Overview
For this course, we will develop our own blockchain. Each student will write their own independent implementation of a node for our network in their programming language of choice. This document outlines how the system will work and how nodes will communicate.
During your implementation, be aware that neighbouring nodes can be malicious. Your implementation must be resilient to simple and complex attacks. Simple attacks can be the supply of invalid data. Complex attacks can involve signatures, proof-of-work, double spending, and blocks, all of which must be validated carefully.
The chain is a static difficulty proof-of-work UTXO-based blockchain over a TCP network protocol.
The chain is called Marabu (like the bird, but spelled with u instead of ou), but you should name your node something else.
Networking
The peer-to-peer network works over TCP. The default TCP port of the protocol is 18018, but you can use any port.
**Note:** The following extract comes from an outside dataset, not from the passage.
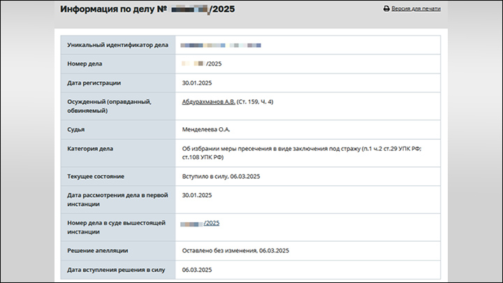 Карточка дела на сайте Мосгорсуда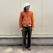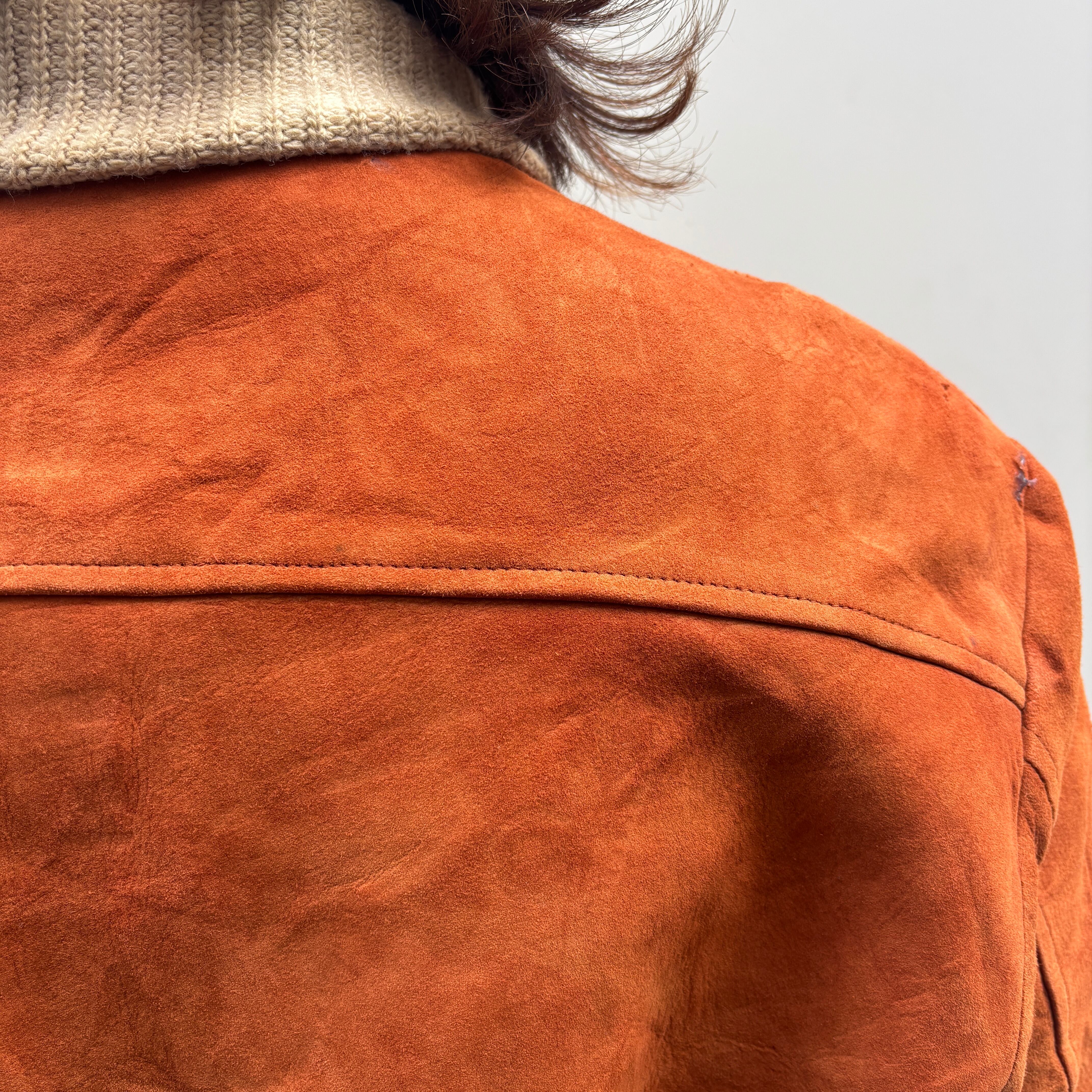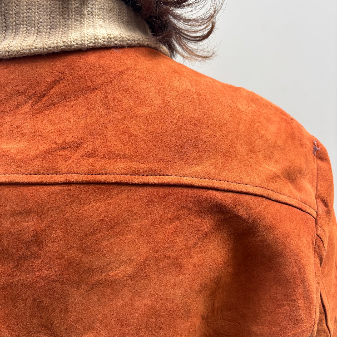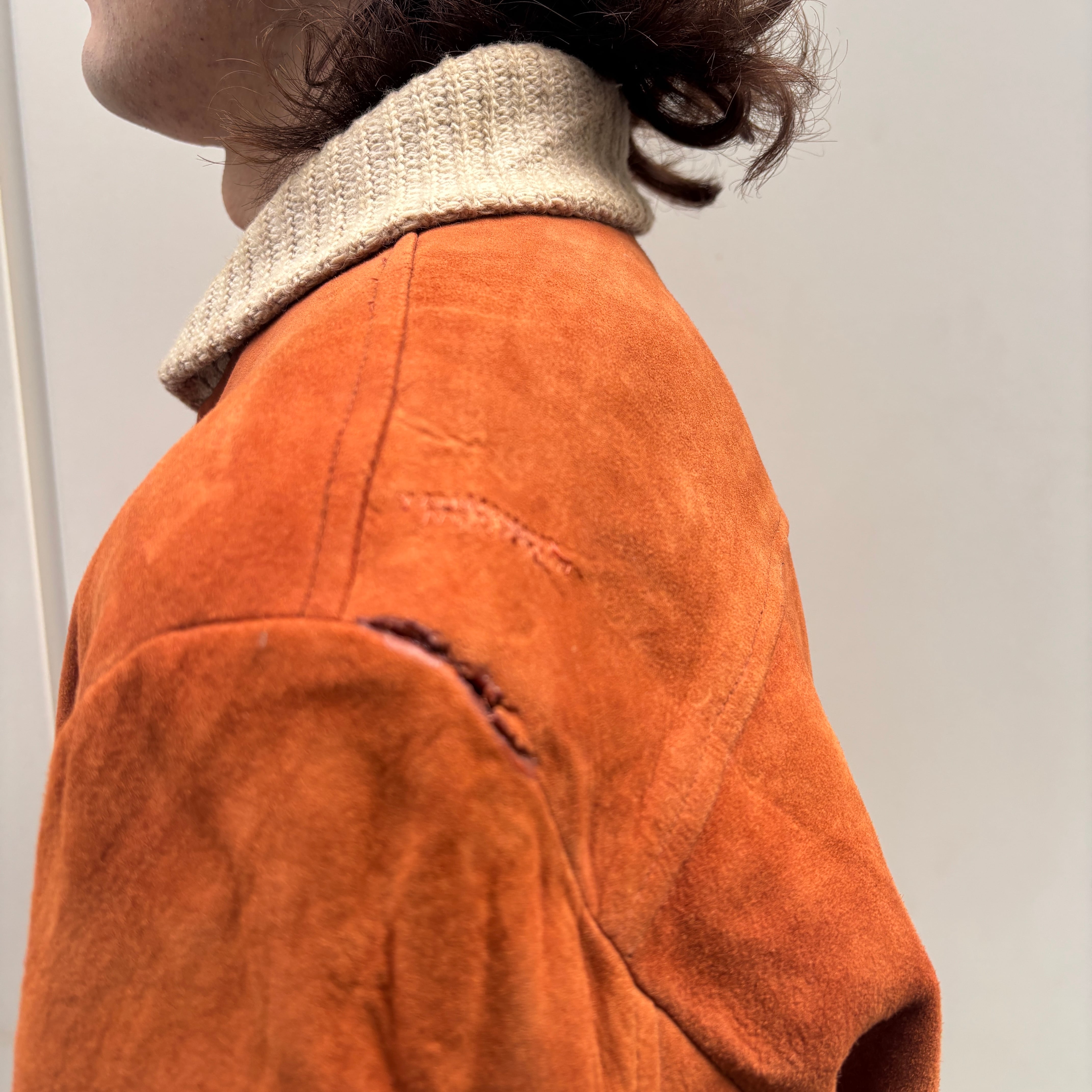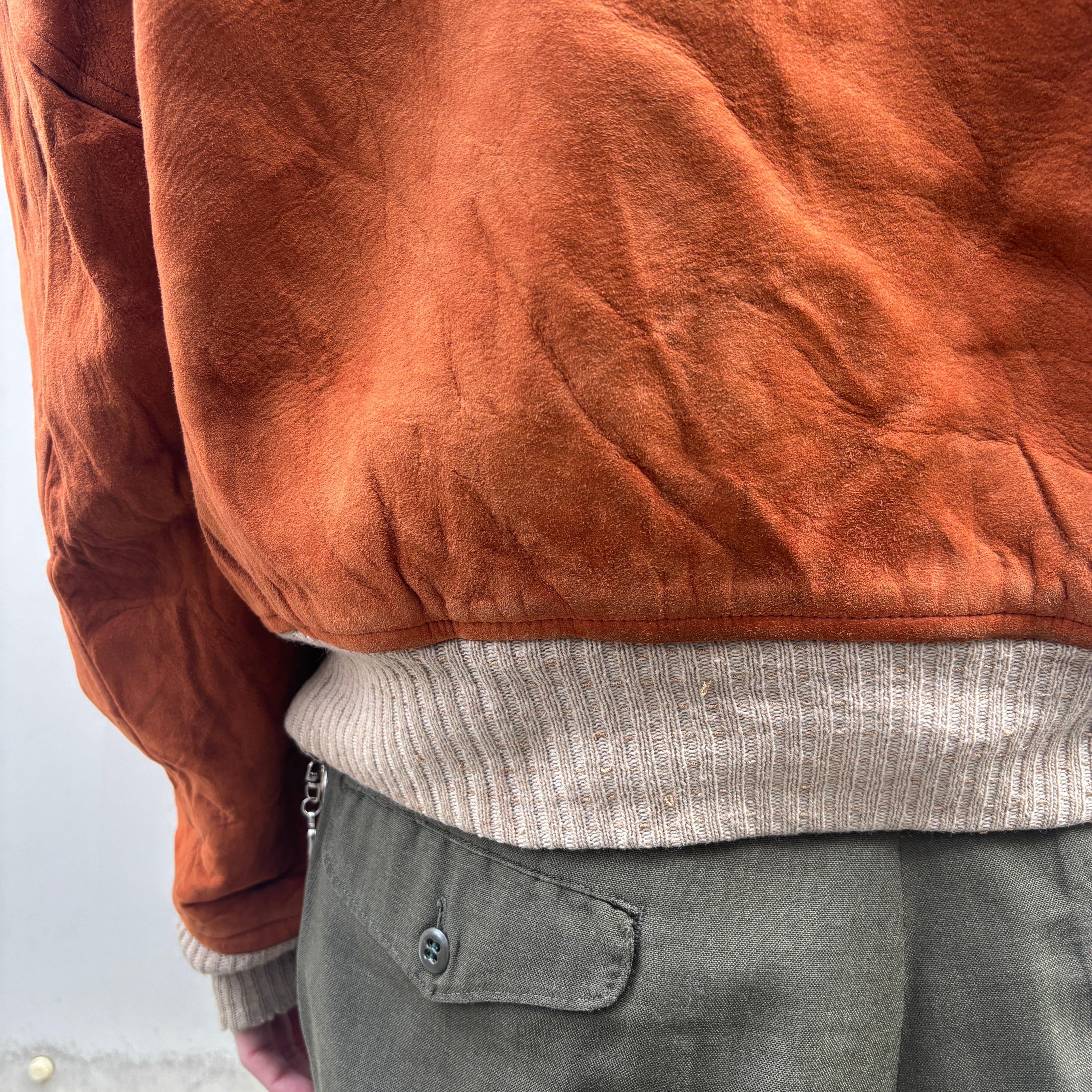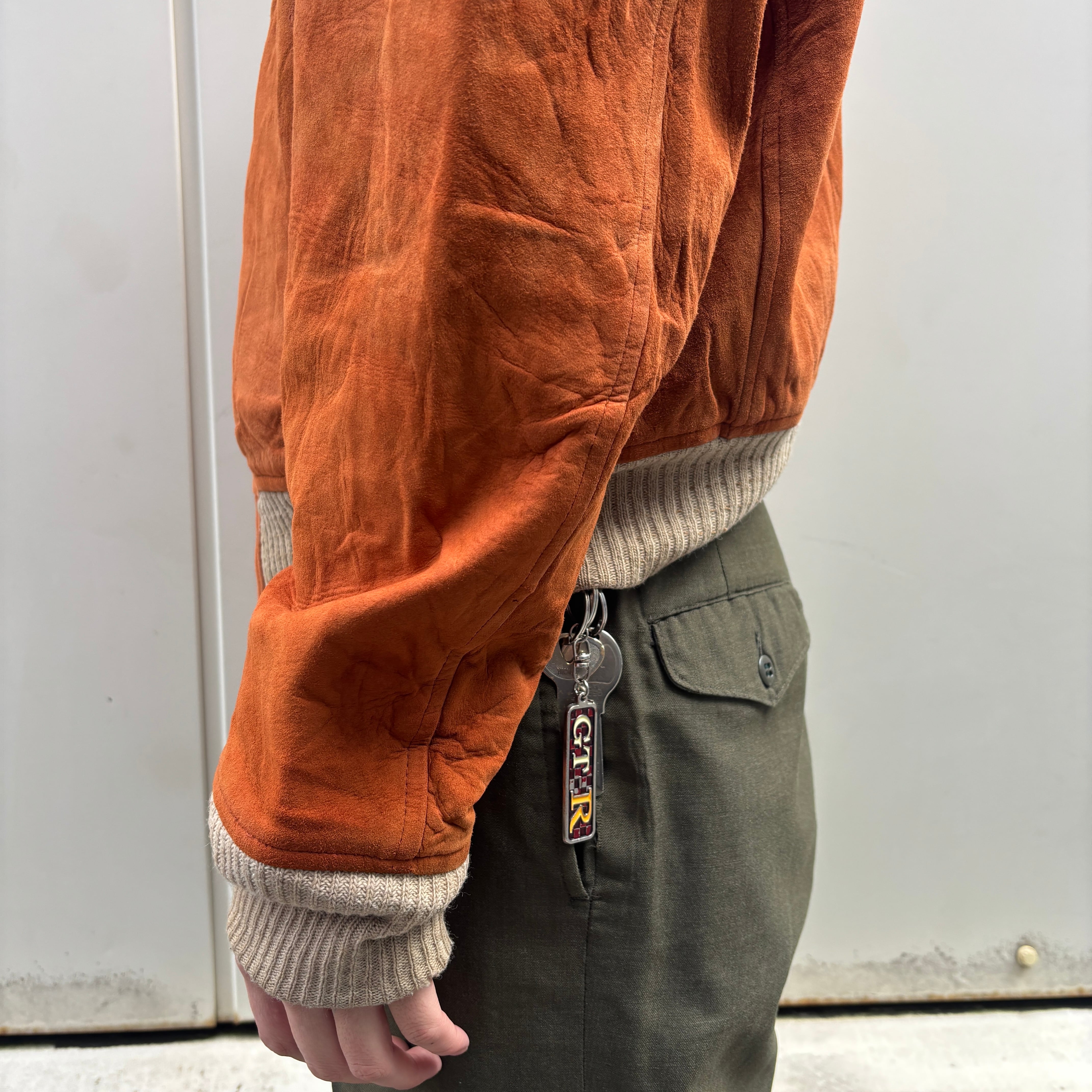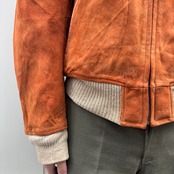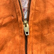暗めオレンジカラーのスウェード生地になっており、ヘチマリブ襟で、良い片落ち感があり、さらっと羽織るだけで雰囲気の出るアイテムです。

If your node is running behind NAT, make sure your port is forwarded.
Bootstrapping
Your node will initially connect to a list of known peers. From there, it will build its own list of known peers. We will maintain a list of bootstrapping peer IPs / domains in this document when they become available.
Data validation
Your client must disconnect from their peer in case they receive invalid data. Be rigorous about network data validation and do not accept malformed data. Log any incorrect data received to help us with debugging.
Cryptographic Primitives
Hashes
We use SHA-256 as our hash for everything. This is used both for content-addressible application objects as well as proof-of-work. When hashes appear in our JSON, they should be in hexadecimal format.
Signatures
We use Ed25519 signatures. Public keys and signatures should be
byte-encoded as described in RFC 8032.
A library will typically take care of this process, for example
crypto/ed25519
in Go.
Once a signature or public key is byte-encoded, it is converted to hex to represent as a string
within our JSON.
Whenever we refer to a "public key" or a "signature" in this protocol, we mean the byte-encoded hexified data respectively.
Hexification
Hex strings must be in lower case.
Application Objects
Application Objects are objects that must be stored by each node. These are content-addressed by the SHA256 hash of their JSON representation. It is therefore important to have the same JSON representation as other clients so that the same objects are addressed by the same hash. You should normalize your JSON and ensure it is in canonical JSON form. The examples in this document contain extra whitespace for readability, but these should not be sent over the network. The SHA256 of the JSON contents is the objectid.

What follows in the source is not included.